I fell into the well again this weekend.
That’s what depression feels like, like sitting at the bottom of a dark hole surrounded by stone walls. You know there’s sunshine up there, somewhere, but there’s no scaling those stone walls.
At the bottom of the well I counted hash marks in the wall, the ones that told me I had been here before. I end up in the same pit – despite the medication and the therapy and the intentional living – over and over again. And I realized that I would always come back to it.
Your thoughts echo at the bottom of the well, bouncing off the walls and back at you to let you know that you are all alone. Except I wasn’t alone; my old friend Guilt was with me this time.
How would I explain to my husband again that I needed his help? How could I tell him that all the support and love he’d given me last time wasn’t enough to keep me in the light for good?

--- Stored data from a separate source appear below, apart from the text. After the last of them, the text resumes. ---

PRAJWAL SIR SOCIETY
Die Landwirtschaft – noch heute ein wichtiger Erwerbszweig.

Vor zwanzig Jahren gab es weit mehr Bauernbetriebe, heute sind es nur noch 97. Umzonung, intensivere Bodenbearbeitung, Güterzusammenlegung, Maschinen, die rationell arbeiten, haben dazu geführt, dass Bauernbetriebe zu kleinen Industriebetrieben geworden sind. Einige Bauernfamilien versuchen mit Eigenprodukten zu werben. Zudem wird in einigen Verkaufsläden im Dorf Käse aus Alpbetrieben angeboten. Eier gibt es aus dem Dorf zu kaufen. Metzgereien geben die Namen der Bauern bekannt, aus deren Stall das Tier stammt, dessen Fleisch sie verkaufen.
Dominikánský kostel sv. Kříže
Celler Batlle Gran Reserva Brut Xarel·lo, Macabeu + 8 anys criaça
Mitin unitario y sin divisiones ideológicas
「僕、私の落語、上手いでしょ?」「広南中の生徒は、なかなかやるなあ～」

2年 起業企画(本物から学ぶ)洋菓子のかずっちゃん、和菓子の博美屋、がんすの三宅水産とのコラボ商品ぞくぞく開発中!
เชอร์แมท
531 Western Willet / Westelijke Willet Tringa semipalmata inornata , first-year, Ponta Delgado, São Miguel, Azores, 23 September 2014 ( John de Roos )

I need someone to take care of me.
I tell myself that I only need someone because I have other people to care for. If I was alone I could just sit in the well for as long as it took and I would be able to pool all the scraps of strength together to take care of myself. But I don’t know if that’s true.

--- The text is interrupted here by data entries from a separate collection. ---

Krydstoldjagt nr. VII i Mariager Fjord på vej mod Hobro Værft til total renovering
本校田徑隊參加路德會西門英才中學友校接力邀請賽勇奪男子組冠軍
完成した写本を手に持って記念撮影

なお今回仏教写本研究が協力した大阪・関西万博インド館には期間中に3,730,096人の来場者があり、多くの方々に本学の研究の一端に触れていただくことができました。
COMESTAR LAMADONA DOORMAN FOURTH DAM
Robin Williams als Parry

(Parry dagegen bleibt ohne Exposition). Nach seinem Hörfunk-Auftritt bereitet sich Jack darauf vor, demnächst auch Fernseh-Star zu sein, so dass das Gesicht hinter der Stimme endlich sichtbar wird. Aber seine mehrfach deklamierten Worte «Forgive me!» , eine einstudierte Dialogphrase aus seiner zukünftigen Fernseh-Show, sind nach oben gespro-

I don’t ask for help because it’s unfair.
It’s not fair how much I need. I need to not be cloaked in silence. I need to tell someone how broken I am and have them hear me, respond to me, talk me through the darkness. I need someone to hold down the fort when I can’t, to keep the routines going and to do all of the things that I cannot.
And that’s not fair.
No one can be that person for someone else. Especially because I am not deep enough or strong enough to give back near that much in return.
I need someone to protect me from carbs and move my limbs. I need someone to throw me into the shower – or to throw my kids into the shower while I’m drowning in blankets and Netflix.
I need someone to keep talking to me for as long as the darkness lasts so that I don’t give up.
But that’s too much for anyone to do.
That’s what Guilt told me.
The survivor in me refused to lay down and die in that well.
I had to open my mouth and tell Jared where I was and how he could rescue me. I had to talk to friends about what was stressing me out. I had to call in the light.
Today I learned that guilt and depression are old buddies. It helps to know that, to think that maybe some of what I’ve heard in my head isn’t true.
It is true is that I need help. It is true that I have to ask for that help, and that connection is the hardest thing to ask for and the only thing that can save me. It is also true that being married to someone with depression isn’t always easy.
But no one is always easy to be married to, and everyone needs their own version of help sometimes.
People we love are worth rescuing, no matter what, no matter how many times they fall.
Those are the facts I have to learn by heart so that I can recite them when my head isn’t working right. Next time.
And there will be a next time. I hate it, but that’s what normal is for me.
Normal is also leaving myself these little notes, missives on lessons learned, in the hope that I’ll find them some day at the bottom of the well.